472 lines (366 loc) · 19.7 KB

Why doesn't P4 have floating point types?

Floating point numbers, e.g. float and double types for IEEE 754 representations of numbers in C, C++, and Java, are commonly implemented in general purpose CPUs with specific instructions for add, subtract, multiply, divide, etc.

The P4 language specifies types for unsigned and signed integer types, but does not contain any type for representing floating point numbers.

Why not?

And more importantly: What can you do in P4 programs when you want to perform operations on non-integer values?

Why high speed switch ASICs typically do not have FPUs

It is certainly physically possible to put an FPU (floating point unit) into a switch ASIC, so why don't designers of these devices typically do so?

The primary reason is that when it comes to the operations that one commonly needs to do when processing packets, none of them need floating point operations. The highest speed switch ASICs, the ones with the cheapest cost per 100 Gigabit Ethernet port (or whatever speed ports they have), are crammed full of transistors doing all of the most common operations required for forwarding packets, e.g.

  • Integer add, subtract, and comparison operations for calculating updated packet lengths when headers are added/removed, updating packet/byte counters, and other similar operations.
  • TCAMs for ternary header field classification
  • Often specialized longest prefix match logic for IP forwarding.
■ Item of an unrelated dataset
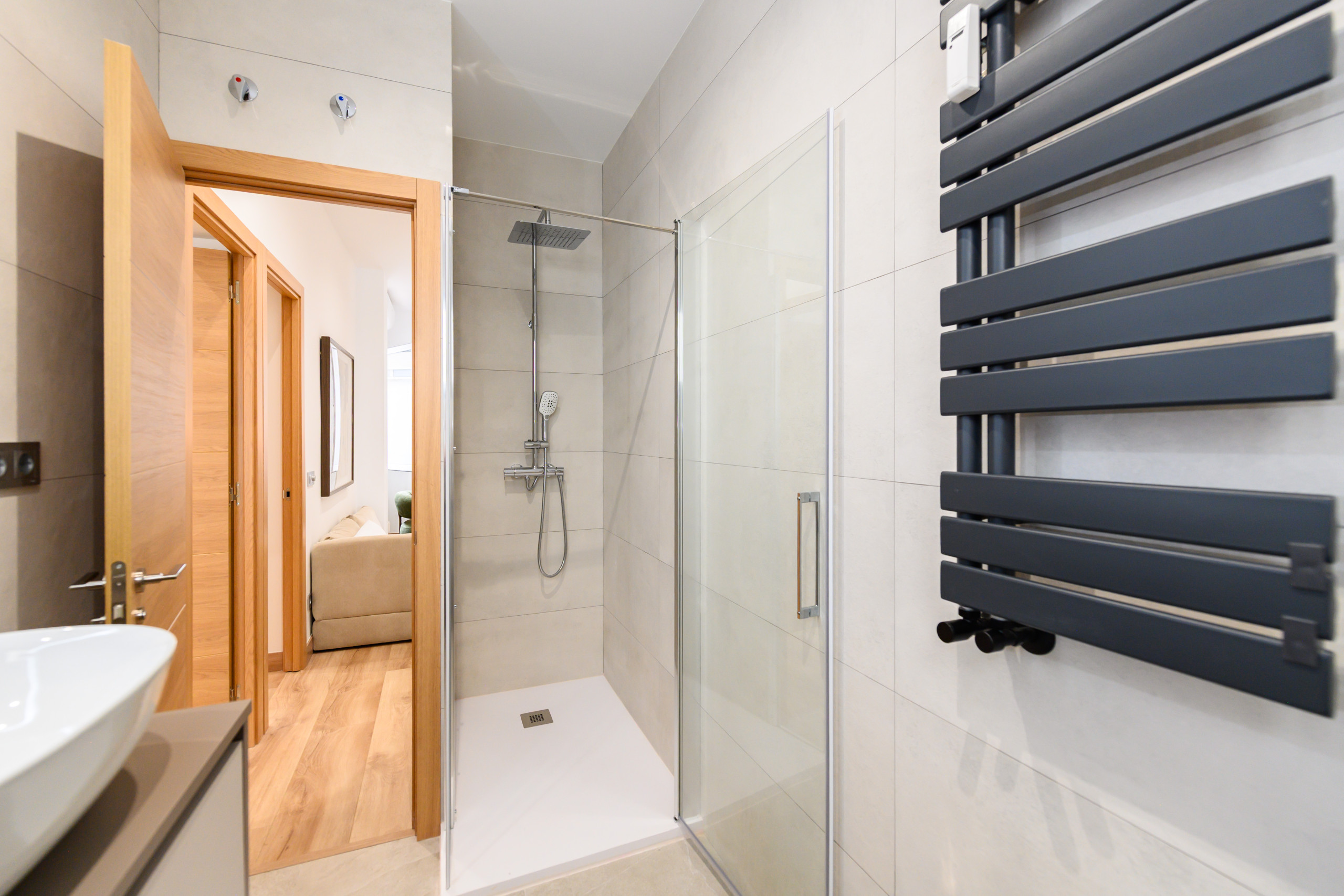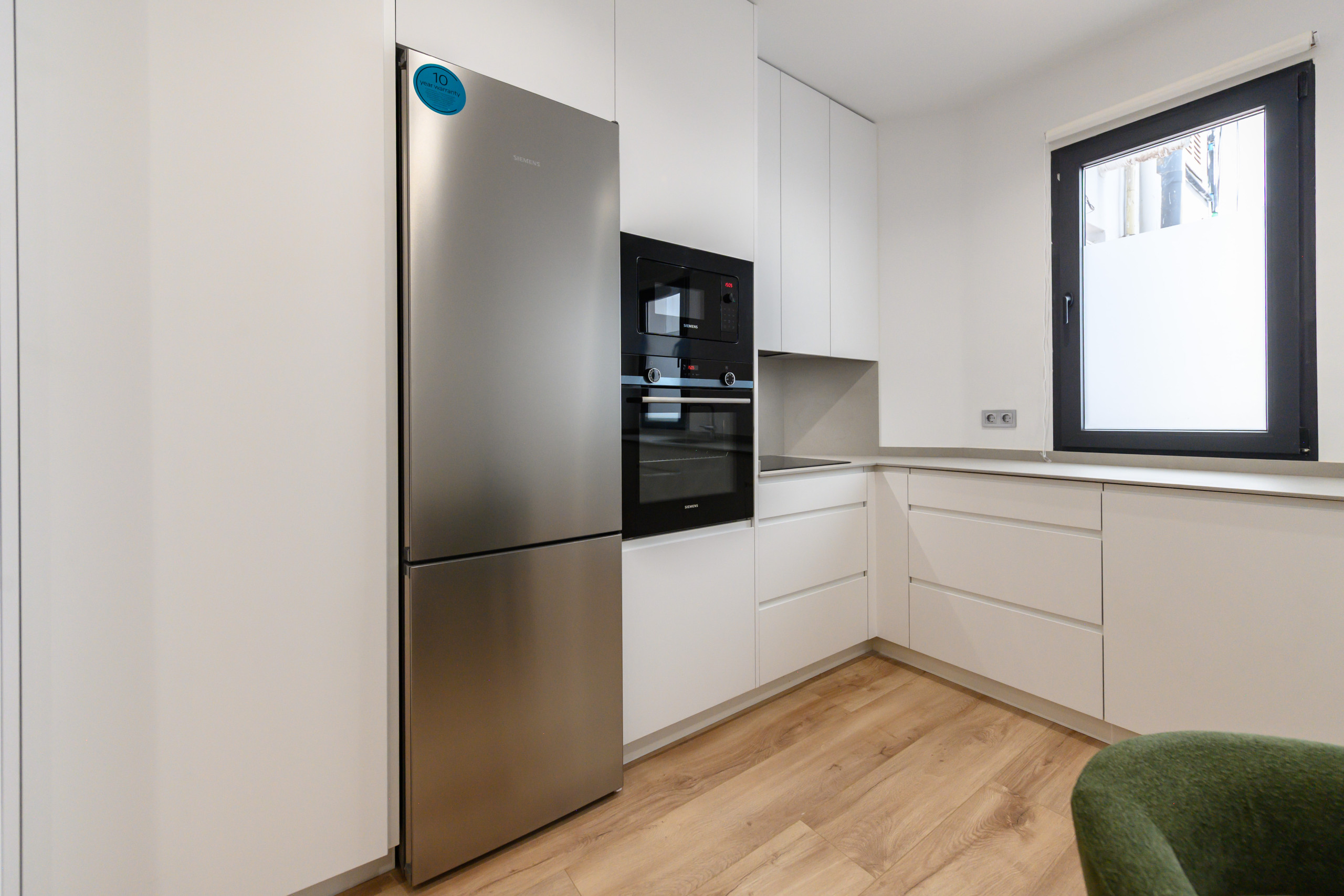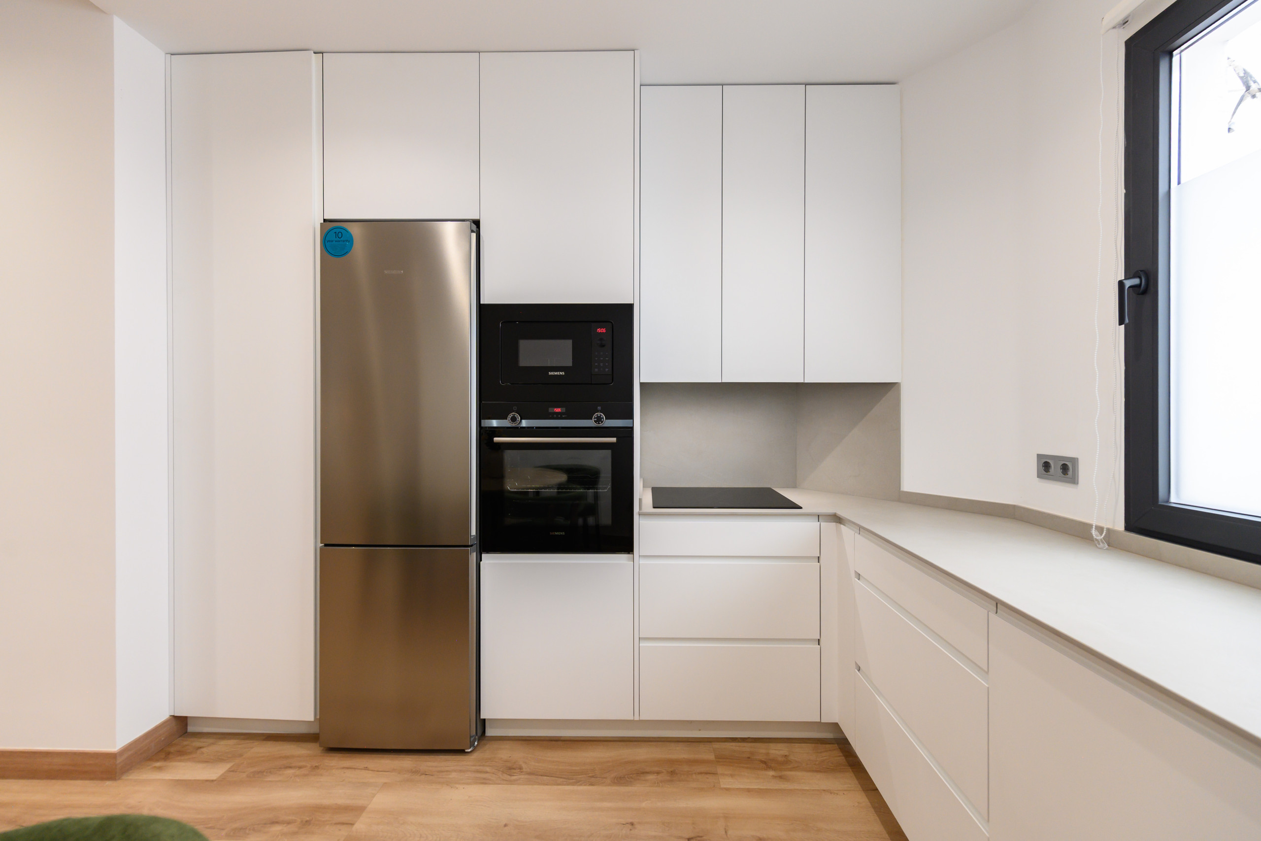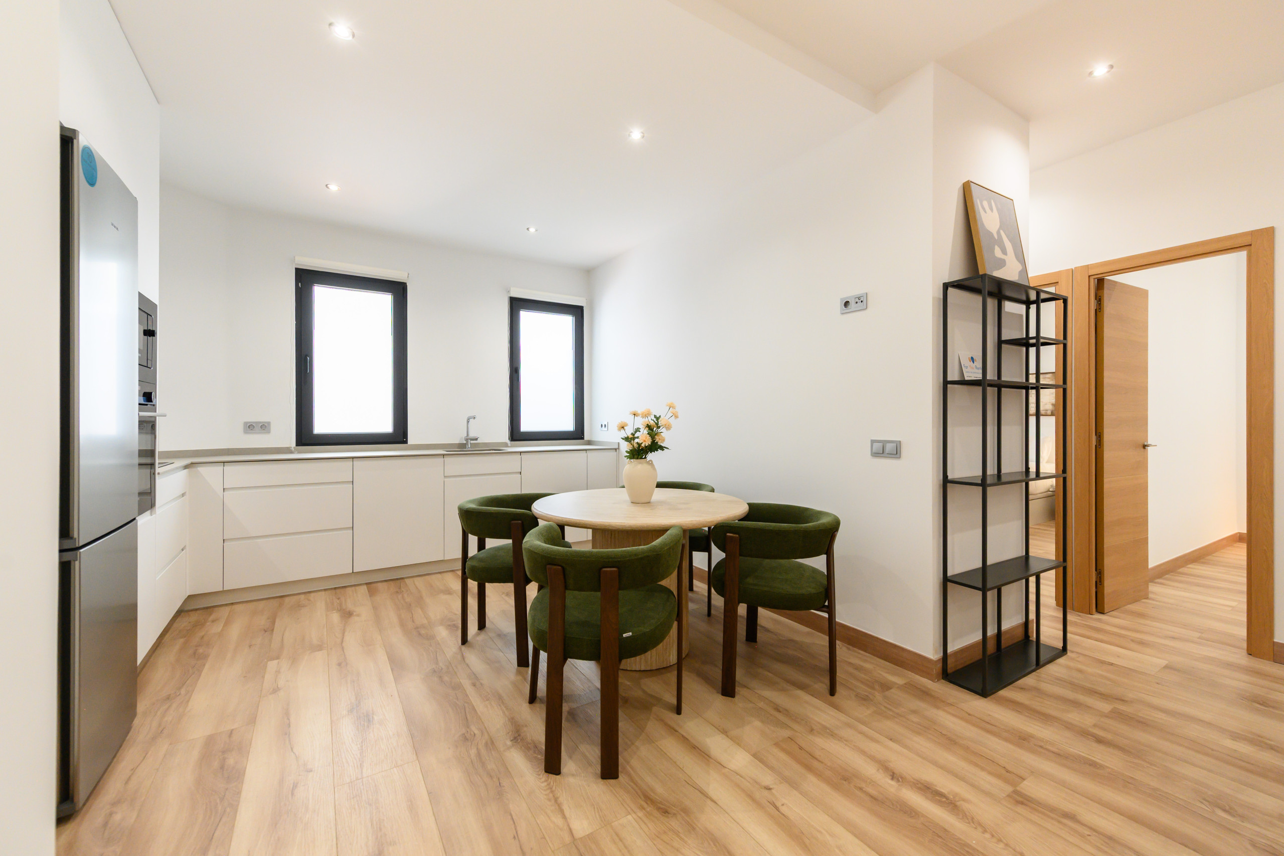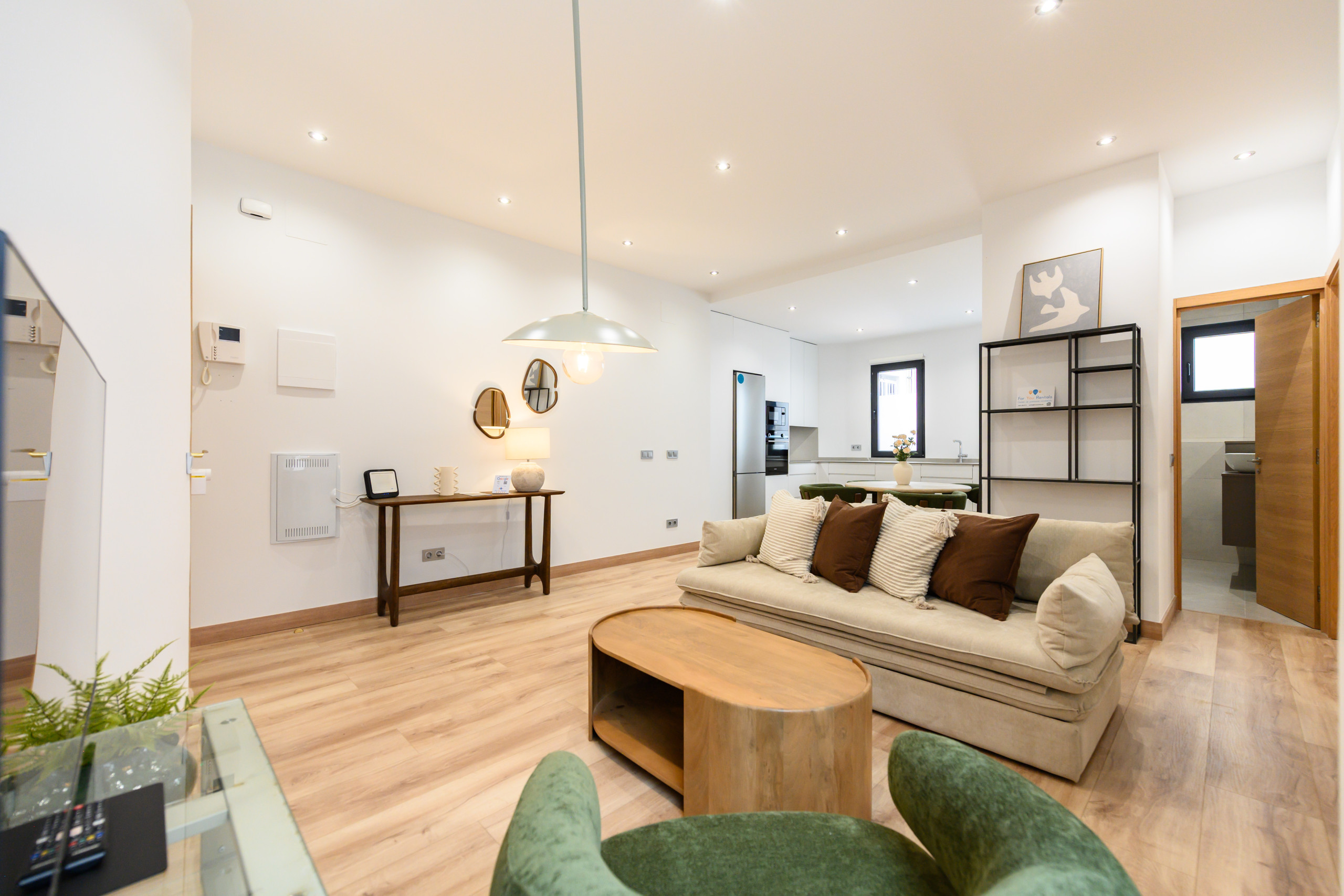 Temporary Rental Flat. This bright and cosy apartment has two spacious bedrooms, each equipped with a double bed and desk, perfect for resting or working comfortably. The living room is spacious and has a contemporary style. The sofa bed integrates perfectly into the space, offering a comfortable and practical solution when additional sleeping space is needed; it includes a balcony with views of the vibrant Santa Engracia street, allowing natural light to flood the space thanks to its exterior orientation. Additionally, the apartment has a comfortable dining room, ideal for enjoying your meals.

In some ASICs this is also TCAM, but often it is something more customized to longest prefix match, because the designers want a cheaper/lower-power way to do it than TCAM for large tables.
  • IPv4 header checksum logic.
  • Hash calculations on various subsets of header fields.
  • Often one or a few integer multipliers inside the logic that implements meters.

If some management or other control plane software finds it convenient to use an FPU to calculate statistics and display them to a user -- no problem. There is typically a general purpose CPU near the switch ASIC, or across the network in a physically separate device, that has an FPU and runs code written in languages like C, C++, Java, Python, etc. that provides straightforward access to the FPU's capabilities.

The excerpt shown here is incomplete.